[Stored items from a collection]
-- -- --

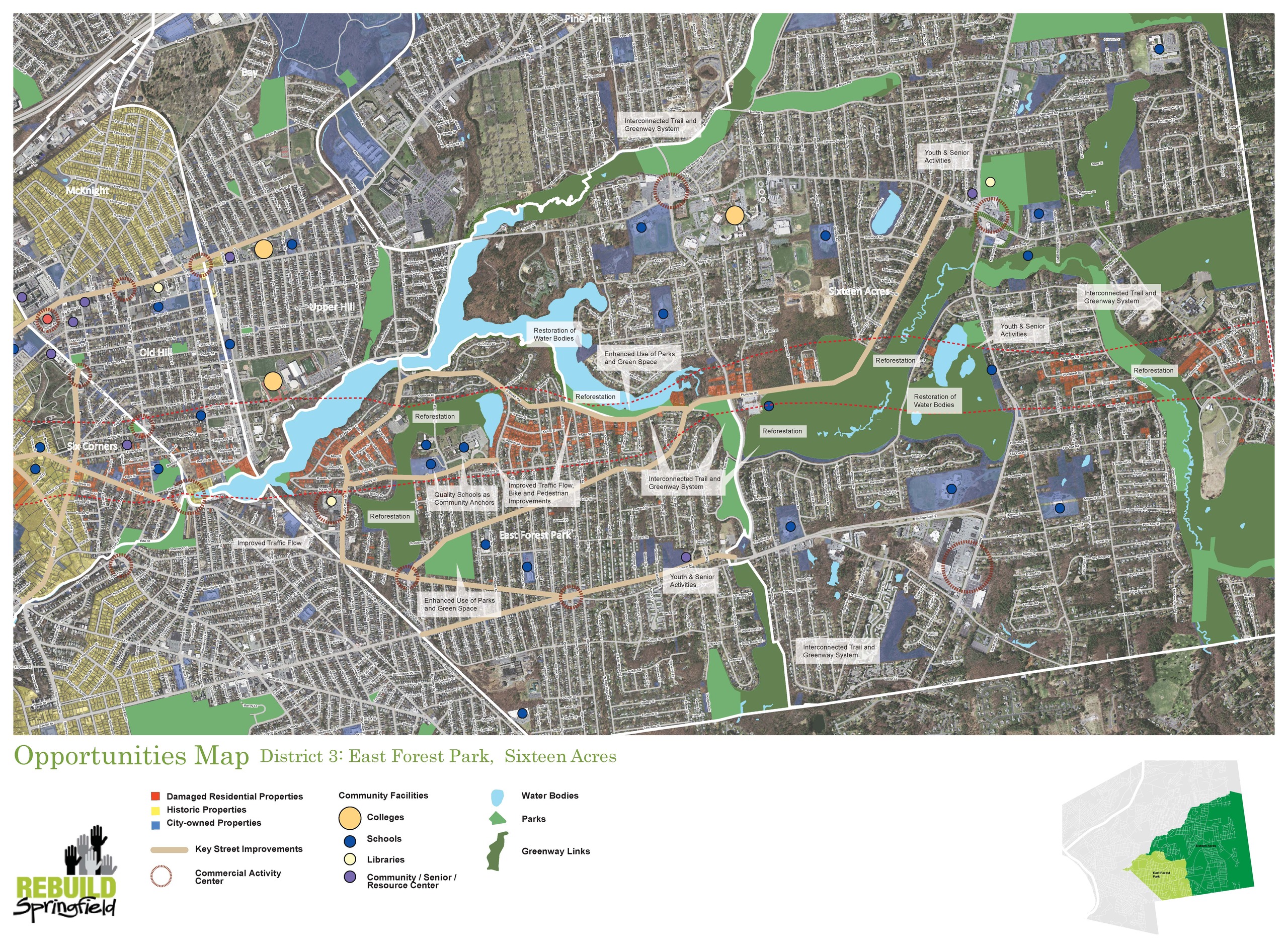 Springfield, like many other US cities, experienced deindustrialization and disinvestment in the central neighborhoods with certain areas plagued with absentee landlords, vacant properties and crime. The tornado, for all its devastation, created an opportunity for the City of Springfield to go beyond recovery and harness the collective will of the people to shape its future, while preserving and enhancing the historical and cultural underpinnings that make Springfield so special.
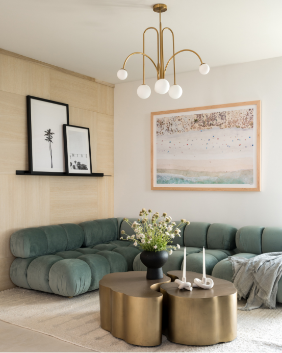 在這間由 Erin Anderson Interiors 設(shè)計的圣地亞哥客廳中,一個球根狀組合沙發(fā)以及雕塑感的黃銅咖啡桌和燈具創(chuàng)造了一種柔和、誘人的外觀。
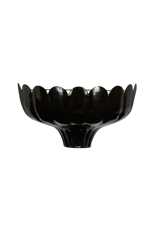 Vägglampa Wells uplight är handgjord av metall. Inspirerad av en blomma ger den här lampan en romantisk stil till hemmet. Den guldfärgade insidan sprider ett varmt sken i rummet. Lampan är försedd med en svart plastsladd som är 180 cm. Strömbrytaren sitter ca 30 cm från skärmen. Vägglampan är gjord för ljuskällor med E27-sockel och som har en maxeffekt på 25W. Höjd 20 cm, bredd 36 cm, djup 18 cm.
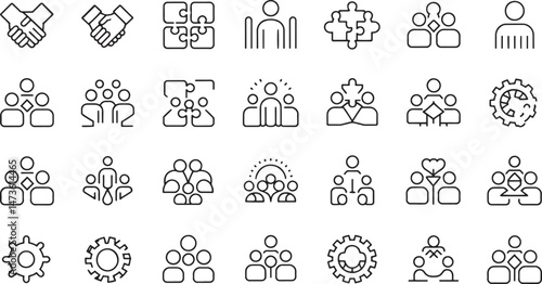 Teamwork Icon Representing Shared Goals with Black Silhouettes on White Background
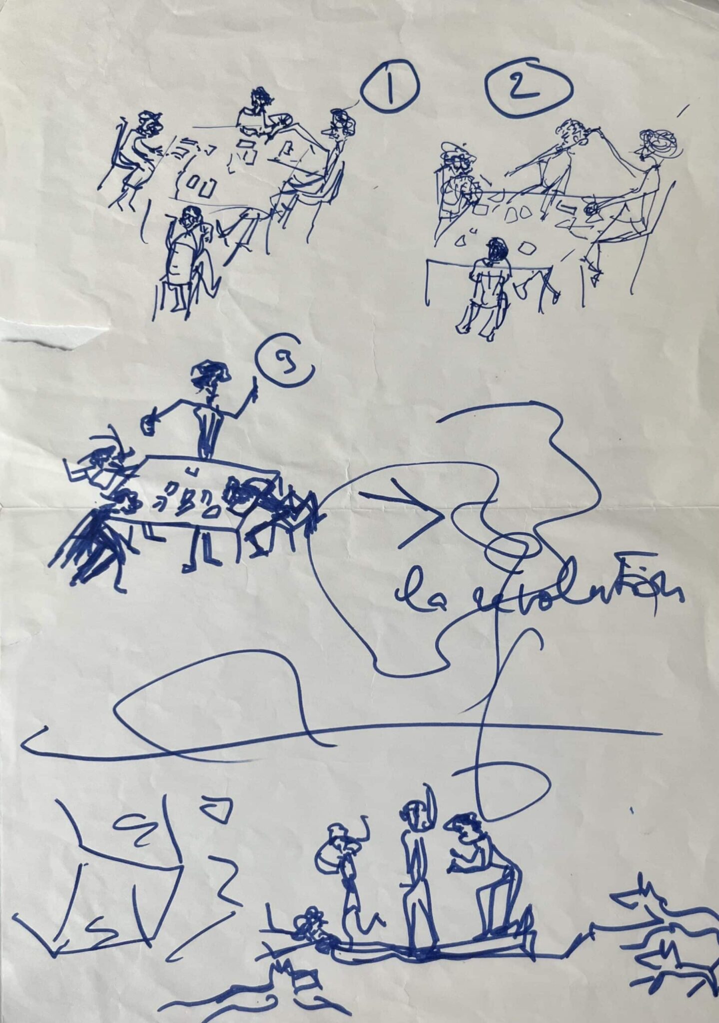 Sur une feuille, François Sagan a esquissé, sous forme de bande dessinée en 4 scènes, une réunion qui dégénère en révolution.
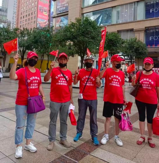 ●去年开始,几位家长联合起来、走遍近二十座城市宣传网络游戏危害。讲述者供图那也是家长们斗志满满的一年。他们穿着印有反游标语的大红T恤,手持小旗,三个月内连走十六城进行反游宣传;安徽芜湖,他们说服了上百人的广场舞队伍穿上他们的红色T恤;江西南昌的酷暑天气里,当他们淌着大汗把传单塞进一辆停在路边的警车时,对方摇下车窗递来几瓶水,玲感动得差点哭出来,“这说明我们做的事情是对的!”
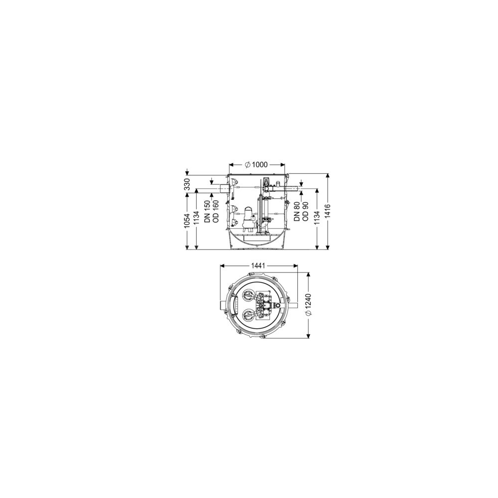 KESSEL Przepompownia Aquapump XL, Duo, ścieków Ścieki zawierające fekalia lub bez fekaliów (w sposób zabudowy bez wymagań ATEX), zabudowa w ziemi, sterowanie pompą przez sterownik, z 2 GTF 1600 pomp zatapialnych, typ pracy S1, rozpoznawania poziomu hydrostatyczny
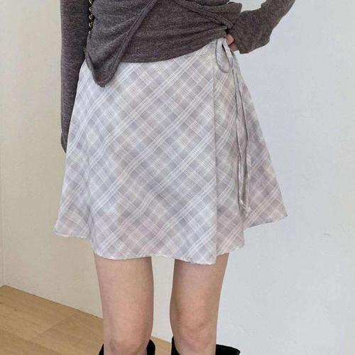 [옷자락] 여자 캐주얼 사선 체크 스트랩 플레어 미니 스커트
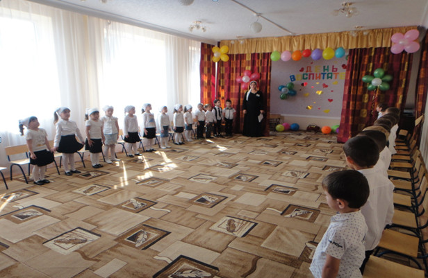 29.09.2015Воспитанники детского сада «Мечта» с распростертыми объятиями встретили праздник, посвященный Дню воспитателя. В честь этого праздника в детском саду были проведены занятия и мероприятия, посвященные воспитателю.
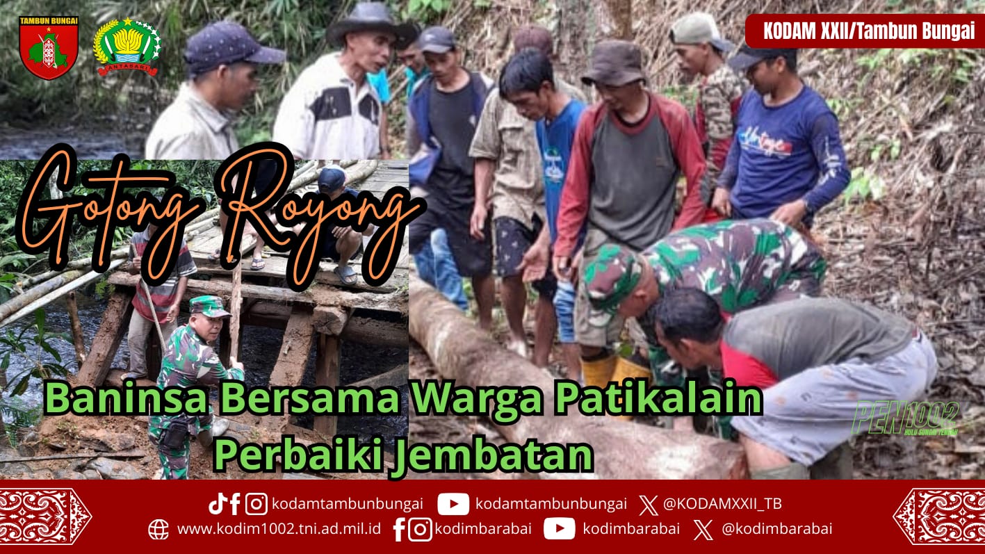HULU SUNGAI TENGAH – Babinsa Koramil 1002-07/Batu Benawa, Sertu Sanu, bersama warga Desa Patikalain RT 05 melaksanakan gotong royong perbaikan jembatan yang rusak akibat
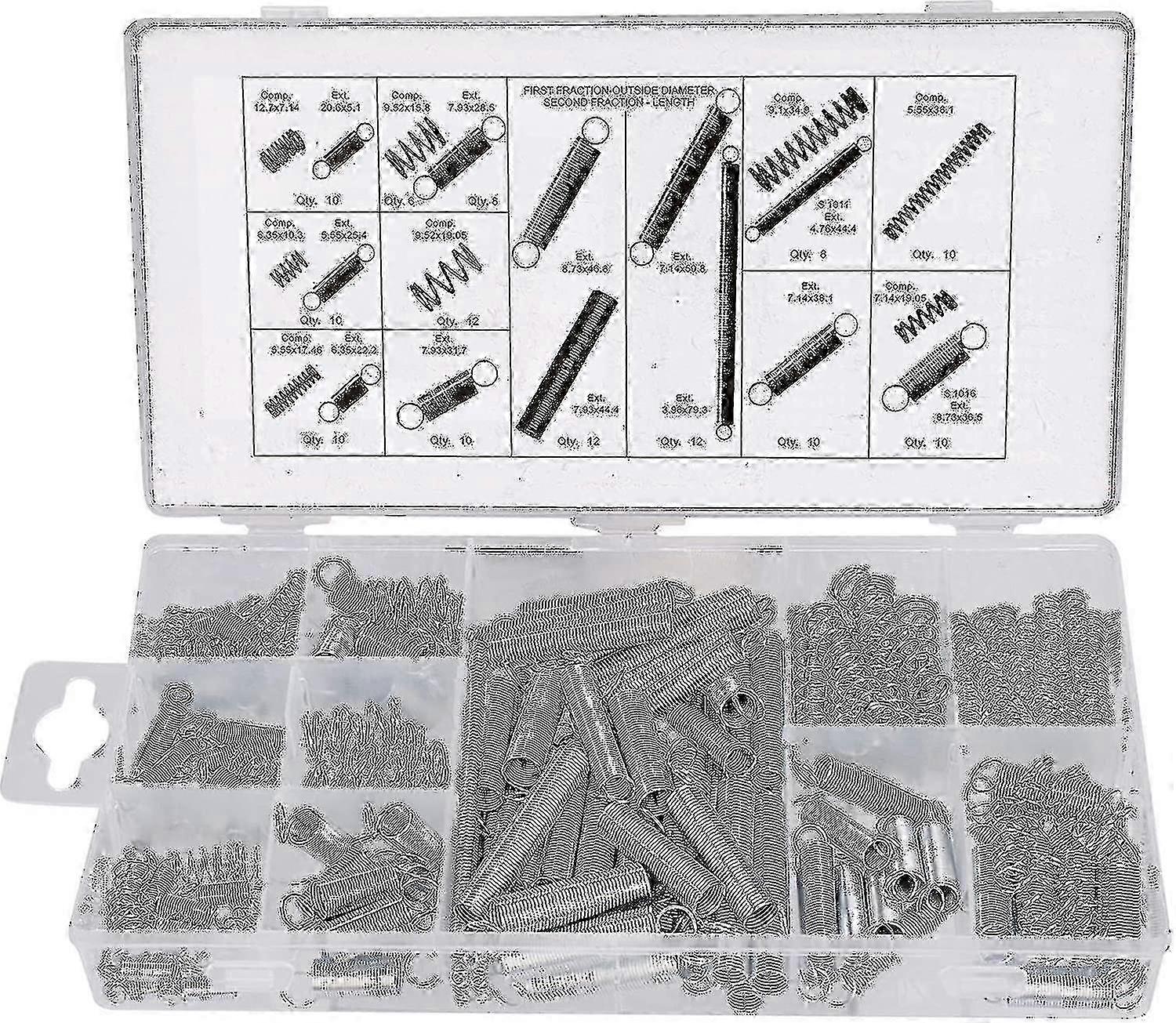 Assorted Compression and Extension Springs: 20 Sizes of Galvanized Steel Springs, 200 Pieces
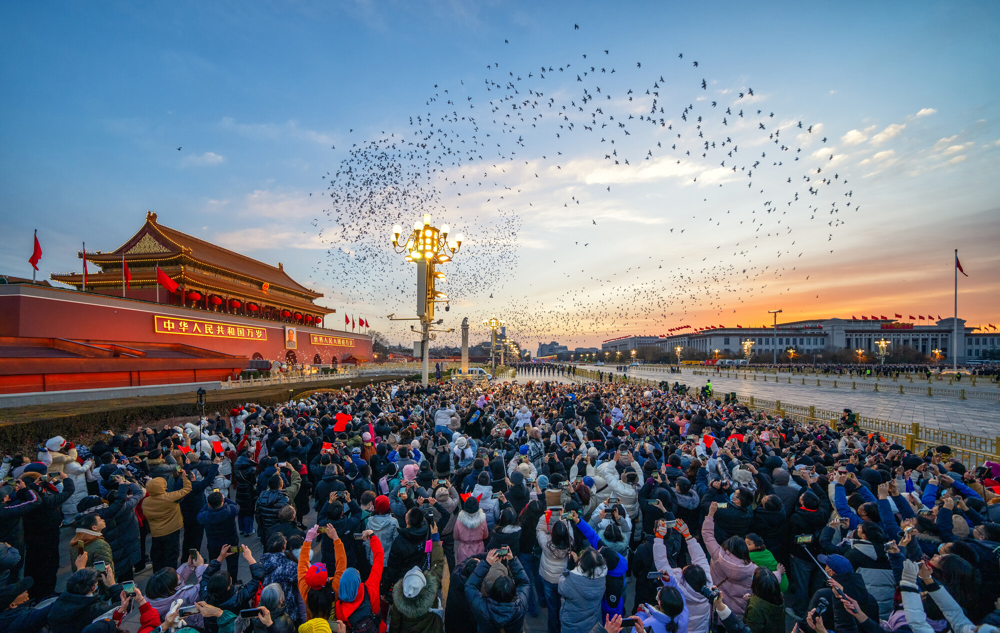 市民游客齐聚天安门广场,共同见证五星红旗冉冉升起的庄严时刻。 赵瑞摄

-- -- --

▶ Problem to work on
Each of the lines above should be transcribed exactly; no image is to be copied.

▶ Task response
 Springfield, like many other US cities, experienced deindustrialization and disinvestment in the central neighborhoods with certain areas plagued with absentee landlords, vacant properties and crime. The tornado, for all its devastation, created an opportunity for the City of Springfield to go beyond recovery and harness the collective will of the people to shape its future, while preserving and enhancing the historical and cultural underpinnings that make Springfield so special.
 在這間由 Erin Anderson Interiors 設(shè)計的圣地亞哥客廳中,一個球根狀組合沙發(fā)以及雕塑感的黃銅咖啡桌和燈具創(chuàng)造了一種柔和、誘人的外觀。
 Vägglampa Wells uplight är handgjord av metall. Inspirerad av en blomma ger den här lampan en romantisk stil till hemmet. Den guldfärgade insidan sprider ett varmt sken i rummet. Lampan är försedd med en svart plastsladd som är 180 cm. Strömbrytaren sitter ca 30 cm från skärmen. Vägglampan är gjord för ljuskällor med E27-sockel och som har en maxeffekt på 25W. Höjd 20 cm, bredd 36 cm, djup 18 cm.
 Teamwork Icon Representing Shared Goals with Black Silhouettes on White Background
 Sur une feuille, François Sagan a esquissé, sous forme de bande dessinée en 4 scènes, une réunion qui dégénère en révolution.
 ●去年开始,几位家长联合起来、走遍近二十座城市宣传网络游戏危害。讲述者供图那也是家长们斗志满满的一年。他们穿着印有反游标语的大红T恤,手持小旗,三个月内连走十六城进行反游宣传;安徽芜湖,他们说服了上百人的广场舞队伍穿上他们的红色T恤;江西南昌的酷暑天气里,当他们淌着大汗把传单塞进一辆停在路边的警车时,对方摇下车窗递来几瓶水,玲感动得差点哭出来,“这说明我们做的事情是对的!”
 KESSEL Przepompownia Aquapump XL, Duo, ścieków Ścieki zawierające fekalia lub bez fekaliów (w sposób zabudowy bez wymagań ATEX), zabudowa w ziemi, sterowanie pompą przez sterownik, z 2 GTF 1600 pomp zatapialnych, typ pracy S1, rozpoznawania poziomu hydrostatyczny
 [옷자락] 여자 캐주얼 사선 체크 스트랩 플레어 미니 스커트
 29.09.2015Воспитанники детского сада «Мечта» с распростертыми объятиями встретили праздник, посвященный Дню воспитателя. В честь этого праздника в детском саду были проведены занятия и мероприятия, посвященные воспитателю.
HULU SUNGAI TENGAH – Babinsa Koramil 1002-07/Batu Benawa, Sertu Sanu, bersama warga Desa Patikalain RT 05 melaksanakan gotong royong perbaikan jembatan yang rusak akibat
 Assorted Compression and Extension Springs: 20 Sizes of Galvanized Steel Springs, 200 Pieces
 市民游客齐聚天安门广场,共同见证五星红旗冉冉升起的庄严时刻。 赵瑞摄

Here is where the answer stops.